The non-Gaussianity increases monotonically with $ \lambda^2 $.

This explicitly shows how the relative-entropy non-Gaussianity is computed step-by-step for the state shown in the image.

2. Origin / History

Introduced in quantum information theory as an application of quantum relative entropy (Umegaki, 1962).
First systematically applied to quantify non-Gaussianity by
Genoni, Paris, and Banaszek (2007–2008).
Motivated by the central role of Gaussian states as free states in CV quantum optics and quantum information.

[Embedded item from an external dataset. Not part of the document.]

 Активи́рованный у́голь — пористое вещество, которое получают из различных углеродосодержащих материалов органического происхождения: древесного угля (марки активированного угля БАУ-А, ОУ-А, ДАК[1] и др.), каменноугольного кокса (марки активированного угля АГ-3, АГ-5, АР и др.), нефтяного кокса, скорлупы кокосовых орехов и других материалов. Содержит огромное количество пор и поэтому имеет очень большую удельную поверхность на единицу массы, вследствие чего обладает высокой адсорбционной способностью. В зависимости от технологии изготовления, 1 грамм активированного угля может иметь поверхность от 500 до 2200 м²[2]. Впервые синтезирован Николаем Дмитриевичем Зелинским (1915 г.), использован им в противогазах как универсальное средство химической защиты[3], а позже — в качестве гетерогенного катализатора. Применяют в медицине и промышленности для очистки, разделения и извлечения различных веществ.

3. Why Important & Comparative Analysis

Importance

Vanishes iff the state is Gaussian.
Operationally meaningful: measures statistical distinguishability from the closest Gaussian state.
Directly linked to resource theories of non-Gaussianity.
Relevant for tasks like:
- entanglement distillation,
- quantum error correction,
- universal CV quantum computation.

Comparison with Other Measures

Measure	Basis	Advantages	Limitations
Relative-entropy nonG (this)	Information-theoretic	Unique Gaussian reference, monotone, additive	Requires entropy evaluation
Wigner negativity	Phase-space	Easy visualization	Zero for many non-Gaussian states
Hilbert–Schmidt distance	Geometric	Simple form	Not monotone under CPTP maps
Kurtosis / higher moments	Statistical	Easy experimentally	Not invariant, not operational

Key distinction: this measure is operational, monotonic, and reference-free (Gaussian reference fixed uniquely).